BILL ANALYSIS

 

 

S.B. 1327

By: Watson

Higher Education

Committee Report (Unamended)

 

 

 

BACKGROUND AND PURPOSE

 

The purpose of this bill is to clarify that information developed in a compliance investigation at an institution of higher education may be shared with appropriate enforcement agencies and with appropriate internal investigators and reviewers.

 

H.B. 4189, 81st Legislature, Regular Session, 2009, encourages employees to make appropriate reports of theft, fraud, and ethics violations and participate in compliance investigations, and permits institutions of higher education to provide a means, such as a compliance hotline, for employees to have private access to the compliance office.  In addition, H.B. 4189 makes confidential, and therefore a mandatory exception under the public information law, the identities of individuals who report compliance issues, ask compliance questions, or participate in a compliance investigation.  The individual may consent to the release of the individual's identity.

 

Strictly applied, the current law fails to protect that same information in the hands of a systemwide compliance office reviewing institutional compliance processes.
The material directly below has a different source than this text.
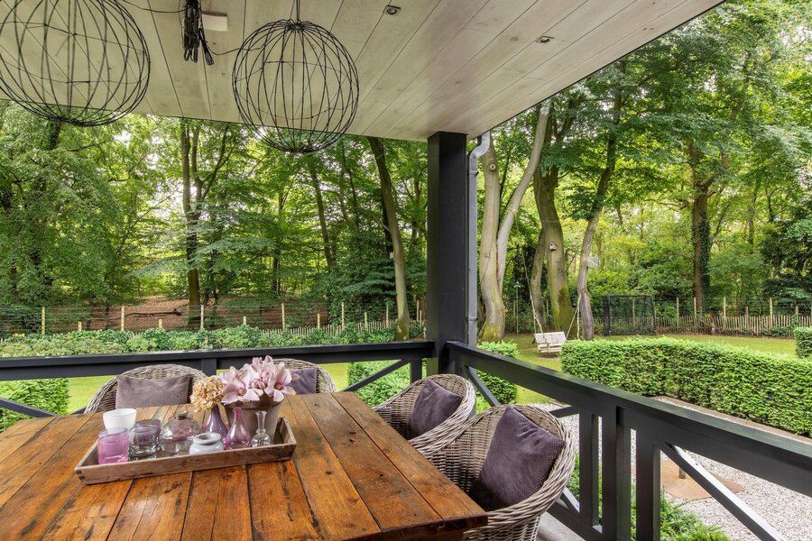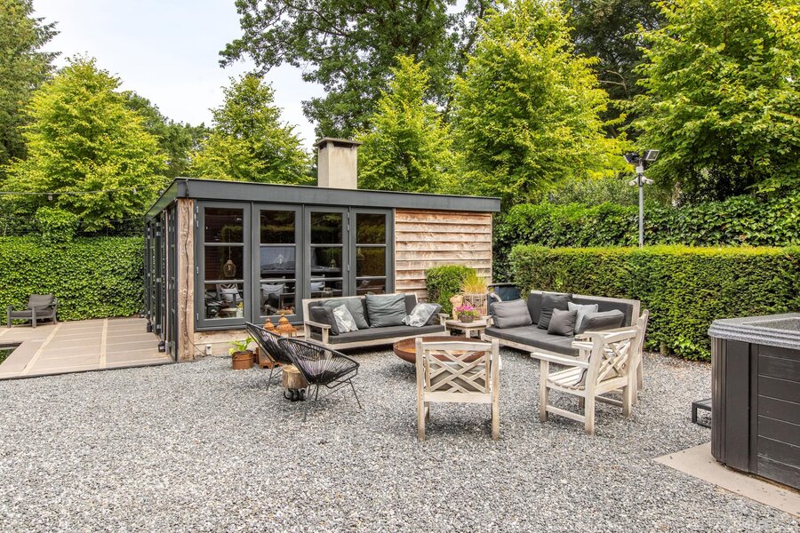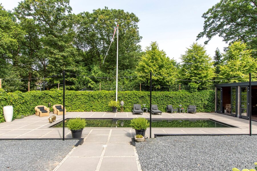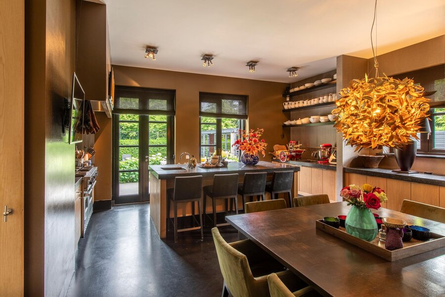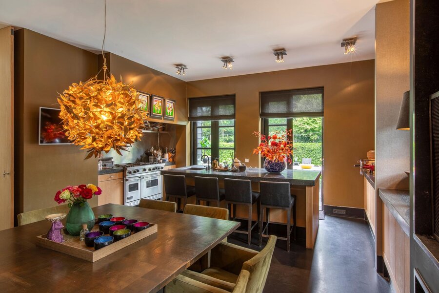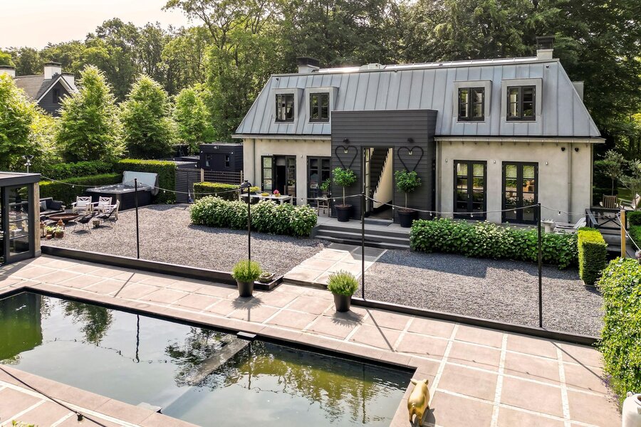 Ruim 450 m² compromisloos woongenot, met twaalf kamers, waarvan zes slaapkamers, vier badkamers, de woonkeuken uit uw dromen en in de tuin, grenzend aan Goois natuurreservaat het Mauvezand, terrassen, een zwembad en een poolhouse.

In addition, while the law permits the disclosure of the confidential information to a law enforcement agency or prosecutor, the law fails to permit the sharing of confidential information with governmental agencies such as the Texas Commission on Human Rights, that may be charged under law with investigating the same matter that is the subject of the compliance report, or to permit the sharing of the confidential information within the institution with officers or employees responsible for conducting or reviewing the compliance investigation.

 

These issues have arisen in enforcement of the law in the two years since enactment, and this bill would properly be characterized as fine-tuning the previous legislation.

 

This bill allows the confidential information to be shared with a systemwide compliance officer charged with reviewing compliance programs and with governmental agencies charged with reviewing the matter that is the subject of a compliance investigation.  Sharing the information with these officials does not change the confidential nature of the information in any other regard.

 

As proposed, S.B. 1327 amends current law relating to the confidentiality of information obtained by a compliance office of an institution of higher education.

 

RULEMAKING AUTHORITY

 

It is the committee's opinion that this bill does not expressly grant any additional rulemaking authority to a state officer, department, agency, or institution.

 

ANALYSIS

 

SECTION 1.  Amends Section 51.971, Education Code, by amending Subsections (e) and (f) and adding Subsection (g), as follows:

 

(e) Provides that information is excepted from disclosure under Chapter 552 (Public Information), Government Code, if it is collected or produced:

 

(1) in a compliance program investigation and releasing the information would interfere with an ongoing compliance investigation; or

 

(2) by a systemwide compliance office for the purpose of reviewing compliance processes at a component institution of higher education of a university system.

 

Deletes existing text providing that information produced in a compliance program investigation the release of which would interfere with an ongoing compliance investigation is excepted from disclosure under Chapter 552, Government Code.

 

(f) Authorizes information made confidential or excepted from public disclosure by this section to be made available to the following on request in compliance with applicable law and procedure:

 

(1)  a law enforcement agency or prosecutor;

 

(2)  a governmental agency responsible for investigating the matter that is the subject of a compliance report, including the Texas Workforce Commission civil rights division or the federal Equal Employment Opportunity Commission; or

 

(3)  an officer or employee of an institution of higher education or a compliance officer or employee of a university system administration who is responsible under institutional or system policy for a compliance program investigation or for reviewing a compliance program investigation, rather than for official purposes of the agency or prosecutor upon proper request made in compliance with applicable law and procedure.

 

(g) Provides that a disclosure under Subsection (f) is not a voluntary disclosure for purposes of Section 552.007 (Voluntary Disclosure of Certain Information When Disclosure Not Required), Government Code.

 

SECTION 2.  Effective date: upon passage or September 1, 2011.

 

EFFECTIVE DATE

 

Upon passage, or, if the Act does not receive the necessary vote, the Act takes effect September 1, 2011.